Влияние географических особенностей

 

Большинство арийцев покинули свои дома на юге России ради равнин Центральной Азии, там остались только близкородственные иранцам скифы и немногие истинные арийцы. Гирканийцы поселились на северных склонах горного массива Альборц и на прибрежной равнине у его подножия, к югу от моря, которому они дали название. Эта равнина, расположенная слегка ниже уровня моря и ежегодно заливаемая ливневыми дождями на высоту до полутора метров, находилась в субтропическом поясе, но густые леса на склонах гор давали приют охотящимся львам и тиграм. Другие иранцы поднялись на нагорье, окруженное со всех сторон горами. На западе возвышались горы Загрос, на севере – Альборц. На востоке плато неуклонно поднималось к крыше мира в Гималаях, в то время как более низкая горная цепь отделяла его от южного океана. Внутри этого кольца более мелкие горные хребты делили его на части, которые отличались лишь сочетанием в них обычных элементов – гор, пустынь и плодородных земель.

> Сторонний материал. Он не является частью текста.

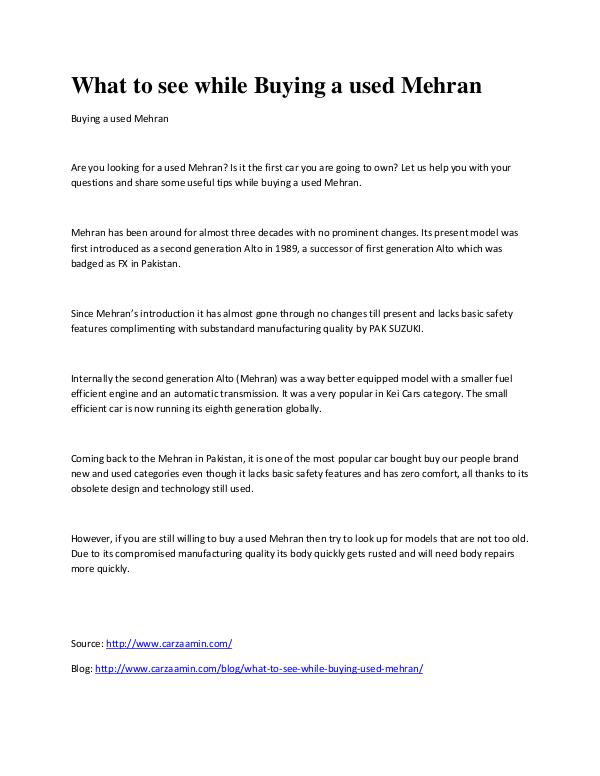 Blog: http://www.carzaamin.com/blog/what-to-see-while-buying-used-mehran/

В центре были расположены большие, трудные для преодоления пустыни, покрытые отчасти солеными озерами, отчасти коричневато‑красной, пропитанной солью почвой. Такими же бесплодными были и горы, обычно лишенные деревьев или даже кустов. Между горами и пустыней была хорошая земля, нуждавшаяся только в воде – но вода была редким и драгоценным сокровищем. Если горы защищали от потенциальных врагов, они также преграждали путь дождям; лишь через такие перевалы, как перевал между Рештом (город в Иране, административный центр провинции Гилян. – Пер. ) и Казвином (город на севере Ирана. – Пер. ), могли проникнуть немногие облака. Здесь количество осадков могло достигнуть двадцати сантиметров; в других местах, таких как Исфаган, – десяти сантиметров или того меньше. Нигде этих осадков не было достаточно, чтобы вызрел урожай, но, к счастью, с гор текли тающие снега.

В течение большей части года солнце нещадно палило с безоблачного неба. К сентябрю воздух немного охлаждался, к ноябрю ночи становились неприятно холодными. За осенними дождями приходили туманы и снега и, наконец, яростные снежные бури; они спускались с гор все ниже и ниже, пока не достигали равнины. Полуденное солнце – когда оно было видно – оставалось жарким и согревало страдальцев, замерзших ночью. К январю перевалы становились непроходимыми, и деревни, спрятанные в снегах, оказывались в зимней изоляции. Весной снега таяли почти без предупреждения. Вода от растаявшего снега стекала вниз по голым склонам, размывая тропинки и снова изолируя жителей деревни от окружающего мира. Русла рек заполнялись ревущими потоками, каждую драгоценную каплю которых использовали в ирригационных канавах до тех пор, пока русла рек не высыхали. После этого воду искали в кажущихся обезвоженными горах; чтобы драгоценная влага не пропала, испарившись, ее необходимо было спрятать под землю в qanats. Таким образом ценой колоссальных затрат времени и труда для обработки у бывшей пустыни отвоевывали еще несколько квадратных метров земли.

Эти непрекращающиеся поиски воды оставили неизгладимый отпечаток на мышлении персов. В священной Авесте, поющей гимн Анахите, богине тысячи ручьев, и более поздней поэзии, воспевающей радость бегущего ручья и цветущего сада, эта тема постоянно повторяется. Для чужеземцев из более счастливых краев реки могут казаться незначительными, ряды тополей, кипарисов и платанов – редкими, садовый «рай» – чахлым. Чтобы сделать их прекрасными, необходим контраст с пустыней, голой равниной и заснеженными вершинами гор.